Dataset of interest: 2017 Stellar Classification (SDSS17) https://www.kaggle.com/datasets/fedesoriano/stellar-classification-dataset-sdss17

The original dataset contained 17 variables, of which 7 we are interested in. The variables of interest we will use in our dataset include:

- **u**: the ultraviolet filter in the photometric system
- **g**: the green filter in the photometric system
- **r**: the red filter in the photometric system
- **i**: the near Infrared filter in the photometric system
- **z**: the infrared filter in the photometric system
- **class**: the object class (galaxy, star, or quasar object)
- **redshift**: the redshift value based on the increase in wavelength

The class variable is the categorical variable to be predicted. Photometrics measure intensities of different wavelengths and are used by astronomers to study the structure and composition of celestial objects (Grier & Rivkin, 2019), whereas redshift is used in distance, velocity, and other calculations. Hence, we chose these variables as potential predictors.


### Methods

The variables we will use to classify the type of a new SDSS observation include all the photometric measurements (originally labeled u, g, r, i, and z) and the redshift. Previous literature and classification models have demonstrated that many of these factors correlate with stellar body types and may contribute to classifying an astronomical event of type galaxy, quasar or star (Finlay-Freundlich, 1954; Wierzbiński et al. 2021; Simet et al. 2021). 
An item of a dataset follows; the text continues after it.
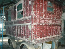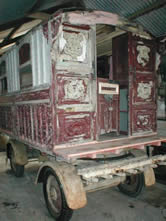 An Early Tong of Bolton Showman's Waggon Awaiting restoration, with some nice early carvings on the front panels and porch brackets. Pictures courtesy of Unkn. |

In our analysis, we will use K-nearest neighbors. Prior to the preprocessing of our training data, we will standardize (i.e. scale and center) our training data to prevent the scales of predictors from unevenly impacting our model. We will also visualize our data to see how the new observation fits with the current dataset and to gauge the accuracy of our prediction.

We start by loading the packages necessary for our analysis.

In [3]:
library(tidyverse)
library(repr)
library(tidymodels)
options(repr.matrix.max.rows = 6)

We will use the read_csv function to read our dataset of interest and assign it to an object called 'star_data'. Then we will verify whether any columns are missing information by counting how many cells have 'NA' in each column.

In [6]:
star_data <- read_csv("https://raw.githubusercontent.com/Margokap/DSCI100-group-03/main/star_classification.csv")

map_df(star_data, ~sum(is.na(.)))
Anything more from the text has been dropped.